DIRECTIONS: Starting at the line holding "各年级辅导员和班主任强调了诚" and finishing at the line holding "最初,莫得任何一件单品野心出", transcribe the material exactly, keeping both ends but no pictures.

MATERIAL FOR THIS EXERCISE:
================
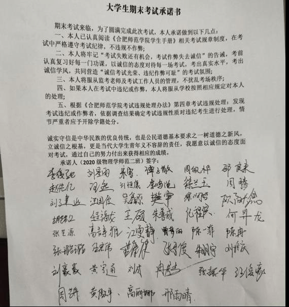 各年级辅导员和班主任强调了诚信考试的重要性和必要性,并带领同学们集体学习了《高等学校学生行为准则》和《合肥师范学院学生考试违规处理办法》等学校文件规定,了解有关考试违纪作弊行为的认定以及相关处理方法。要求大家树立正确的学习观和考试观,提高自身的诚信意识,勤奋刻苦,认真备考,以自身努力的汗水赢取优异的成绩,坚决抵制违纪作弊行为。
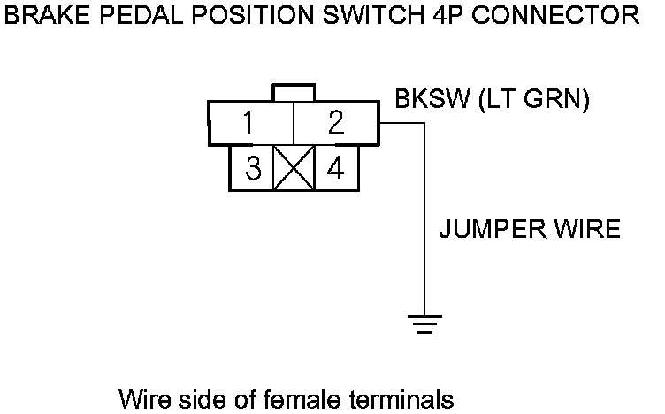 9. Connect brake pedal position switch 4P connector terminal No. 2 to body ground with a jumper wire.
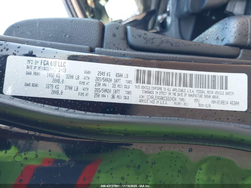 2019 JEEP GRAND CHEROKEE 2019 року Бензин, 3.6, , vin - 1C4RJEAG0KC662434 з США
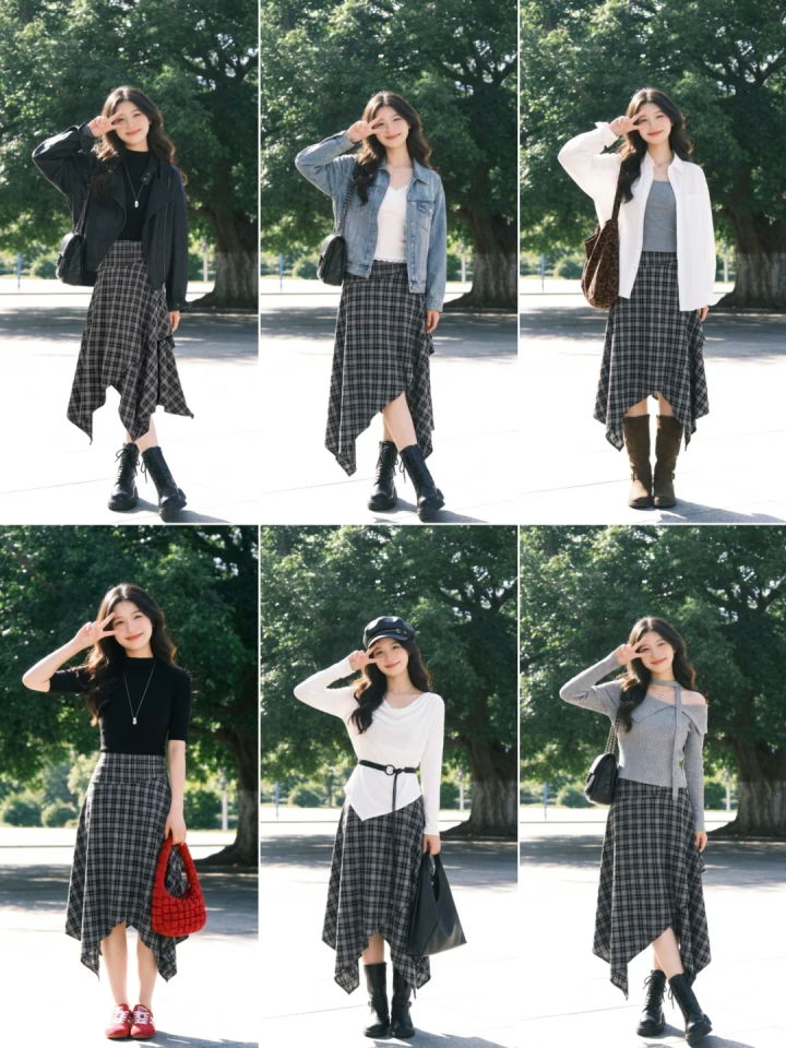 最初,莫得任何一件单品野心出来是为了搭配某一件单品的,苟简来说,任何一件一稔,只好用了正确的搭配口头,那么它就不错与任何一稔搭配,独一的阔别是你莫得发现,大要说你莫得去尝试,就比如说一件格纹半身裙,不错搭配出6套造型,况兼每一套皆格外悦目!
================
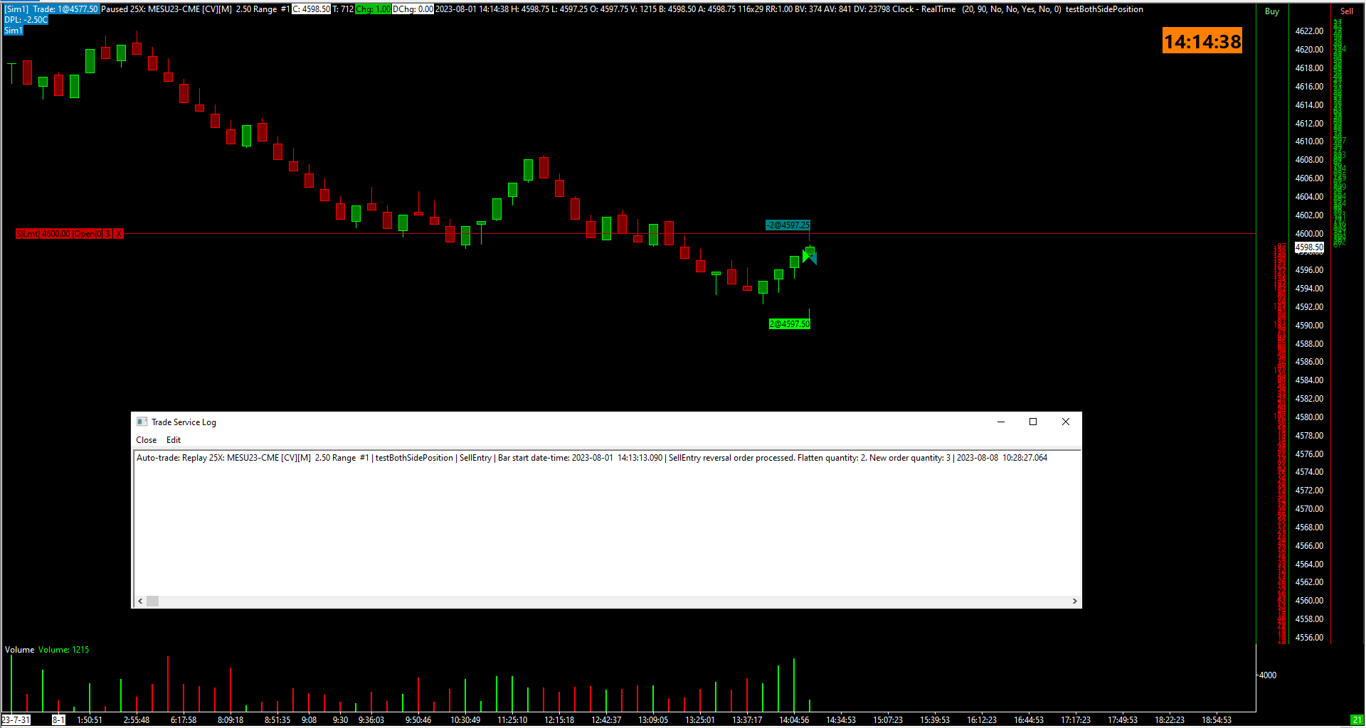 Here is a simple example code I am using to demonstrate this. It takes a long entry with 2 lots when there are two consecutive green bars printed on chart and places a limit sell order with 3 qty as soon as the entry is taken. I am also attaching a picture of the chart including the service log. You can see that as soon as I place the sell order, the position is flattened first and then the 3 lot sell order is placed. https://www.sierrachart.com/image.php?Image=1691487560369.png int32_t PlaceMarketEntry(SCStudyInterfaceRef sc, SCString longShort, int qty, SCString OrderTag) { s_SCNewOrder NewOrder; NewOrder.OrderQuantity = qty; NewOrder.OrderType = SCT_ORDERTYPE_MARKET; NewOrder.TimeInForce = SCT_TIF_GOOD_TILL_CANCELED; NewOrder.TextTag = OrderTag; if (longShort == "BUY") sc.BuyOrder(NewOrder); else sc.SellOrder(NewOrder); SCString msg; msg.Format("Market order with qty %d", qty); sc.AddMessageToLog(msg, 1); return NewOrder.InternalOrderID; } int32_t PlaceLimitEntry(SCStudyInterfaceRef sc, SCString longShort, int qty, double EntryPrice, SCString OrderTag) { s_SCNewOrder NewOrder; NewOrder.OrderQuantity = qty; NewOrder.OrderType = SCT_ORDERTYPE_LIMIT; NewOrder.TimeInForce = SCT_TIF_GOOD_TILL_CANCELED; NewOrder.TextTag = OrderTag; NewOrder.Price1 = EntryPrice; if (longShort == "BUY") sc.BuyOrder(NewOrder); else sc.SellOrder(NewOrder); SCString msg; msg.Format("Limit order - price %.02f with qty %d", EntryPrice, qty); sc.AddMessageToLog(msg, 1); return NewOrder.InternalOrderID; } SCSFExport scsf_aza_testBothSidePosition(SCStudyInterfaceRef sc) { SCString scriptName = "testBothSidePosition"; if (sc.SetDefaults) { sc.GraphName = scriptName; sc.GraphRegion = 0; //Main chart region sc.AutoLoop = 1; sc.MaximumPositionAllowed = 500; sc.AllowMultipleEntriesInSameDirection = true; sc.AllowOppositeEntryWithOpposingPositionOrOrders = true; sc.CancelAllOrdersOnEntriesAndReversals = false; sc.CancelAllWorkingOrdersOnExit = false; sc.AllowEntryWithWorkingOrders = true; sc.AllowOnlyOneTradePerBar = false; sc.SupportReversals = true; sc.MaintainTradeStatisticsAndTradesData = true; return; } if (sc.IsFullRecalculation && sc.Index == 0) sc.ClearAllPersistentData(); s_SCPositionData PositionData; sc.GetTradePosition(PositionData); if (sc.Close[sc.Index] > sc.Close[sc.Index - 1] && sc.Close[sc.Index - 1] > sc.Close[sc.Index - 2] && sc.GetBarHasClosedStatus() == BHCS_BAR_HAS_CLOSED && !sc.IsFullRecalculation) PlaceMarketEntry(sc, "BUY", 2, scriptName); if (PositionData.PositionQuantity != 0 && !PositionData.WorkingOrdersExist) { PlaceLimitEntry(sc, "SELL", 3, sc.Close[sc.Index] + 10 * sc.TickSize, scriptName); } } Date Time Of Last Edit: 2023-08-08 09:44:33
================
ANSWER FOR THE TASK:
 各年级辅导员和班主任强调了诚信考试的重要性和必要性,并带领同学们集体学习了《高等学校学生行为准则》和《合肥师范学院学生考试违规处理办法》等学校文件规定,了解有关考试违纪作弊行为的认定以及相关处理方法。要求大家树立正确的学习观和考试观,提高自身的诚信意识,勤奋刻苦,认真备考,以自身努力的汗水赢取优异的成绩,坚决抵制违纪作弊行为。
 9. Connect brake pedal position switch 4P connector terminal No. 2 to body ground with a jumper wire.
 2019 JEEP GRAND CHEROKEE 2019 року Бензин, 3.6, , vin - 1C4RJEAG0KC662434 з США
 最初,莫得任何一件单品野心出来是为了搭配某一件单品的,苟简来说,任何一件一稔,只好用了正确的搭配口头,那么它就不错与任何一稔搭配,独一的阔别是你莫得发现,大要说你莫得去尝试,就比如说一件格纹半身裙,不错搭配出6套造型,况兼每一套皆格外悦目!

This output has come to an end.